Walking is the most basic and ancient form of transportation and a large percentage of people still use walking as their primary way to get where they need to go. However, recent statistics indicate that simply walking across the street is increasingly dangerous.

 

Research from the National Highway Traffic Safety Administration (NHTSA) reports that about 64,000 pedestrians are injured by vehicles in the U.S. every year. Any impact with a moving vehicle is likely to result in a serious accident, so it's not surprising that about 5,000 pedestrians die as a result of those encounters each year.

 

Florida, California, Texas and New York together accumulated approximately 42% of all fatal pedestrian accidents in the United States last year.

 

The three major factors that contribute to fatal pedestrian accidents in the United States are the following:

 

1. Speed - Speed is the biggest contributing factor to the increase in fatal pedestrian accidents. To prevent this, cities like New York have reduced the speed limit on many of its streets to 25 miles per hour.

 

2. Alcohol - Another significant factor that contributes to the increase of fatal pedestrian accidents is alcohol. Drunk drivers were involved in 15% of accidents that killed pedestrians last year. But the most shocking statistic is that more than 1/3 of those pedestrians were also drunk. In effect, 34% of dead pedestrians had a level higher than .08 of blood-alcohol concentration (BAC), which is the limit to be considered as a drunk driver in many states.

 

3. Distracted drivers / distracted pedestrians - Drivers/pedestrians distracted by devices such as a radio, mobile phone, GPS devices etc. are part of the increasing causes of accidents.

 

What rights do pedestrians have?

 

A pedestrian can be defined as anyone who is near or on the street and is standing, walking, jogging, rollerblading, pushing a baby car or doing some standing activity, the opposite of being in a car, on a bicycle, etc.

 

When pedestrians and vehicles begin to interact on the roads, it is assumed that it is always pedestrians who have the right to cross. This is not always true. Both motorists and pedestrians have rights and responsibilities that they must obey.

 

Pedestrians usually have the right to cross the marked crossings at intersections, but they are also obliged to obey traffic lights wherever they exist. Pedestrians are also supposed to be on the left side of the road or on the sidewalk.

 

Unfortunately, many of the pedestrian accidents that occur involve pedestrians who have been hit from behind. Usually, this means that they were walking on the wrong side of the road and often at night.

 

Pedestrians need to show reasonable prudence, act self-confidently and in a safe manner. This means that they must obey traffic signals, be on the left side of the road as much as possible, and at night they should have lights or wear fluorescent clothes.

 

What obligations do vehicle drivers have?

 

While there are bylaws that require pedestrians to obey traffic signs and signals, as well as give way to motorized vehicles, it is also true that there are statutes that specify very clearly that because a car has the right to drive on a road shared by pedestrians, that does not relieve the driver of the vehicle of its  obligation to take reasonable care for their safety.

 

When a car enters an area where pedestrians are present, the driver has the absolute obligation under the law to allow the pedestrian to pass and allow him to cross the street or do whatever is necessary for the pedestrian to reach his destination safely.

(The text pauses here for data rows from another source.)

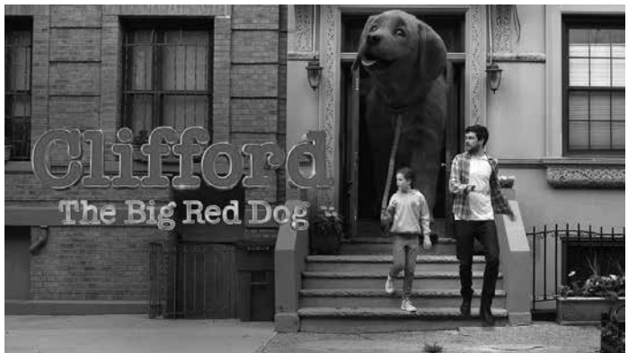
enjoy this special October film in the Square. Reminder, no pets allowed in the Square.

Admission is free. Bring a lawn chair or a blanket and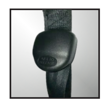
Easy to install and release seat belt adjustment clips. Part Number 900-474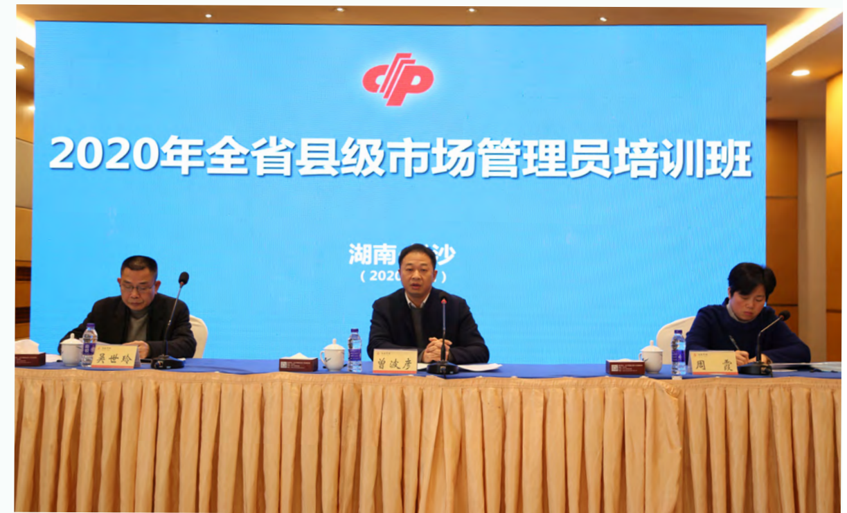
湖南省福彩中心组织开展全省县级专管员培训班 Hunan Welfare Lottery organizes and holds county-level manager training classes

All provincial branches emphasize ability building of managers and improves their comprehensive professional abilities through irregular intensive training.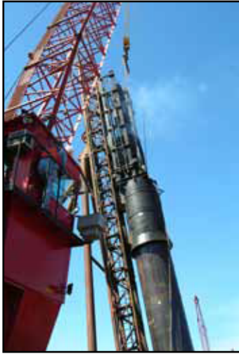
D220-42 With a 2.5 m Bottom Drive.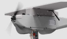
PUMA™ UNIVERSAL TRANSIT BAY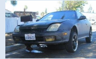
Vehicle being Repaired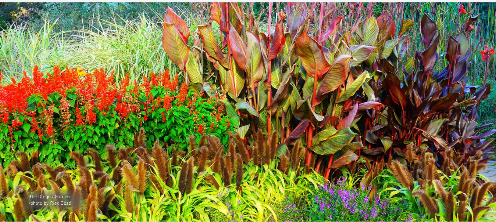
The Oregon Garden

When you travel with the AHS, you make a difference.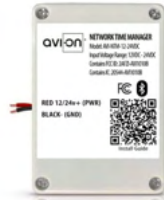
NETWORK TIME MANAGER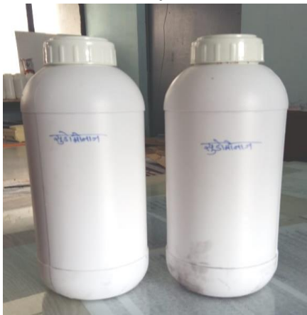
Fig. 2 Storage Bottles

The pure culture is maintained on nutrient agar slant. The strains of bacteria are kept in liquid solution for the growth of bacteria. The bacteria kept for 72 hours in laboratory and then it stored in seal packed bottles. These bottles prevent the bacteria from direct contact with sunlight. The bacteria are kept in 30-37°C temperature to survive easily.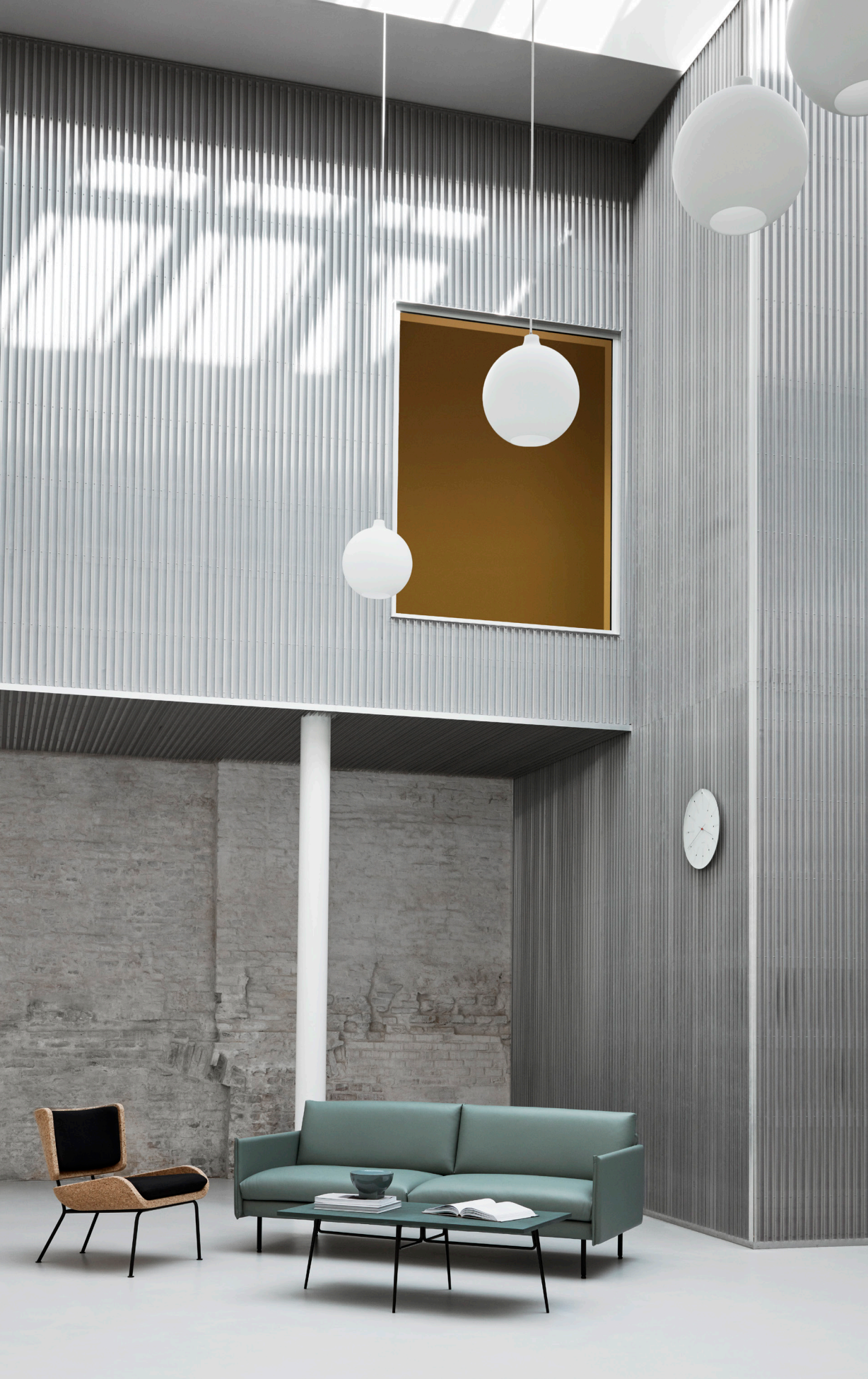
Form sofa Spire slate coffee table / Bark lounge chair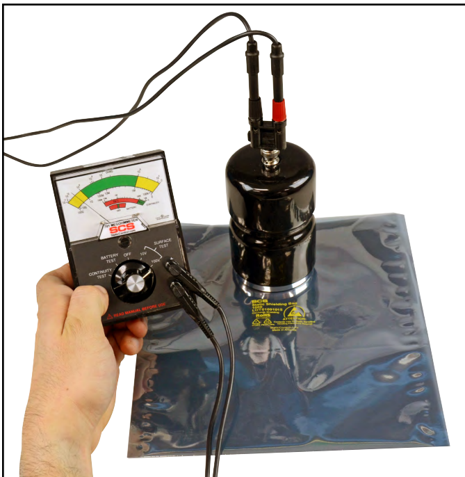
Figure 3. Using the Concentric Ring Probe with the SCS 701 Analog Surface Resistance Megohmmeter

Above all, drivers are generally obligated to honk their horns and take all precautions when there are pedestrians on or near the road.

 

Pedestrian Accidents and Uninsured/Underinsured Motorist Coverage

 

For victims of a pedestrian accident where the at-fault driver has little or no insurance, the financial impact can be devastating. But, what many Texans don't know is their own auto insurance policy can save them.

 

The uninsured/underinsured motorist portion of an auto policy typically pays for injuries caused by an uninsured or underinsured at-fault driver. It covers car accident related injuries even if the victim isn't in a car when he was hurt. It also protects victims of a hit and run driver.

 

When UIM and Hit and Run Coverage Applies

 

A Pedestrian who is injured by an uninsured or underinsured motorist can typically collect money for their damages under their own UIM/Hit and Run policy under the following conditions:

 

  • The injured pedestrian is you, your spouse, your child or another immediate family member who lives at home with you.
  • The injured pedestrian is your child who is away at college.
  • The driver of the car that hit the pedestrian was at fault for the accident.
  • The driver at-fault had no or not enough insurance coverage.
  • If it was a hit-and-run, a police report was filed.

 

Compensation for injuries suffered in a pedestrian accident

 

If you or someone you know has been injured in a pedestrian accident, you may be entitled to claim significant compensation for:

 

·      Past and future medical expenses

·      Loss of salary and past and future income

·      Pain and suffering

 

Another thing you need to know about pedestrian accidents is that while the accident report prepared by law enforcement can mention the pedestrian as the cause of the accident, law enforcement agents do not make the final determination. The determination as to who is at fault for injuries suffered in a pedestrian accident, for the purpose of establishing civil liability, is made by a jury after hearing all the facts from all the witnesses, and not necessarily from the officer or agent of the law who in many cases did not witness the accident.

 

Regardless of what the accident report says about who is at fault, you will need the assistance of an experienced pedestrian accident attorney to be successful in your claim.

 

A good pedestrian accident lawyer who has handled many pedestrian accident cases will be able to satisfactorily prove to the insurance company, the defense attorney and/or the jury that you had the right to cross and that the vehicle had to stop.

 

Conclusion

 

The law is very clear: drivers have an absolute obligation to yield to any pedestrian crossing their path. It is also clear that pedestrians should use reasonable safety when crossing the street or when interacting with vehicles. Therefore, many claims for pedestrian accidents are analyzed to determine who first entered the street or intersection.

 

Was it the pedestrian who was there long enough to be seen on the marked road, or was it the vehicle that entered the intersection before the pedestrian stepped out into the lane? Claims for pedestrian accidents almost always require a complex analysis of time and distance and should never be taken by a lawyer who does not handle this type of accident on a regular basis.

 

If you or a loved one has been injured in a pedestrian accident, you should only hire an experienced pedestrian accident lawyer to help you with your claim and compensation.

 

Contact P&M Law and our experienced accident lawyers will fight to get you fair compensation for your injuries and losses. Please contact us at 832-844-6428 or text our attorneys directly at 832-438-3012.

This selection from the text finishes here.